■ Directions
Please copy the listing that follows exactly, leaving out any pictures.

START Dataset content

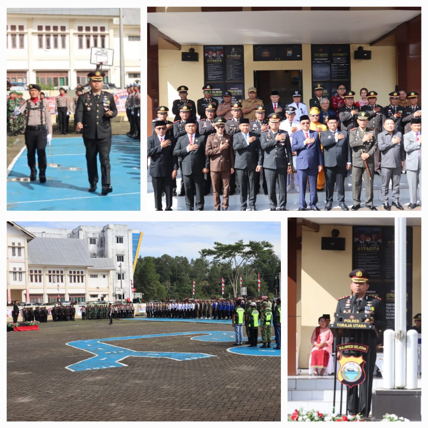 Dalam sambutan yang dibacakan, Kapolres Toraja Utara AKBP Stephanus Luckyto A.W, S.I.K., S.H., M.Si, selaku Inspektur mengungkapkan bahwa Hari Bhayangkara bukan sekadar seremoni, melainkan momentum refleksi bagi seluruh anggota Polri.
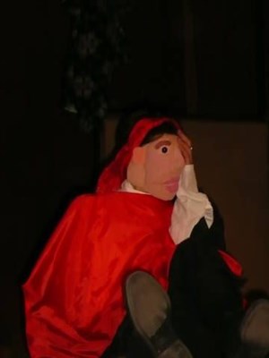 Notre marionnettiste devra improviser avec la marionnette et les objets qui sont sur scène. Mais la marionnette est un garçon, acceptera-t-il de jouer le rôle du Petit Chaperon Rouge ?
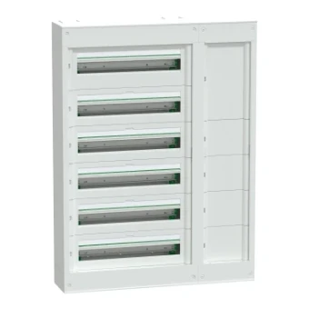 Dit Prismaset S-omhulsel is een opbouwmontage distributieomhulsel met een zijgoot links of rechts. Deze metalen en kunststof behuizing is samengesteld uit 6 rijen van 24 modules van 18mm. Het kan alle types van modulaire schakeluitrustingen omvatten. Het omhulsel en de zijgoot hebben een grotere ruimte op de eerste rij om de NSXm 160 binnenkomende stroomonderbreker of schakelaar aan te passen, indien nodig uitgerust met een aardlekbeveiligingsmodule. Dit omhulsel is bestemd voor installatie binnen. De IP-beschermingsgraad is IP41 met deur en IP30 zonder deur. Er kan een optionele deur over de behuizing worden geïnstalleerd. De kleur van de kast en de voorzijde is wit (RAL 9003). Dit gebruiksklare omhulsel is bedoeld voor gebruik in residentiële en tertiaire sectoren. Het is ontworpen voor elektriciens, en biedt ergonomie en flexibiliteit van de installatie. De kabels kunnen via de boven- of onderzijde van het omhulsel worden ingevoerd door verwijderbare kabelinvoerplaten. Het maakt inv

END Dataset content

■ Written reply
 Dalam sambutan yang dibacakan, Kapolres Toraja Utara AKBP Stephanus Luckyto A.W, S.I.K., S.H., M.Si, selaku Inspektur mengungkapkan bahwa Hari Bhayangkara bukan sekadar seremoni, melainkan momentum refleksi bagi seluruh anggota Polri.
 Notre marionnettiste devra improviser avec la marionnette et les objets qui sont sur scène. Mais la marionnette est un garçon, acceptera-t-il de jouer le rôle du Petit Chaperon Rouge ?
 Dit Prismaset S-omhulsel is een opbouwmontage distributieomhulsel met een zijgoot links of rechts. Deze metalen en kunststof behuizing is samengesteld uit 6 rijen van 24 modules van 18mm. Het kan alle types van modulaire schakeluitrustingen omvatten. Het omhulsel en de zijgoot hebben een grotere ruimte op de eerste rij om de NSXm 160 binnenkomende stroomonderbreker of schakelaar aan te passen, indien nodig uitgerust met een aardlekbeveiligingsmodule. Dit omhulsel is bestemd voor installatie binnen. De IP-beschermingsgraad is IP41 met deur en IP30 zonder deur. Er kan een optionele deur over de behuizing worden geïnstalleerd. De kleur van de kast en de voorzijde is wit (RAL 9003). Dit gebruiksklare omhulsel is bedoeld voor gebruik in residentiële en tertiaire sectoren. Het is ontworpen voor elektriciens, en biedt ergonomie en flexibiliteit van de installatie. De kabels kunnen via de boven- of onderzijde van het omhulsel worden ingevoerd door verwijderbare kabelinvoerplaten. Het maakt inv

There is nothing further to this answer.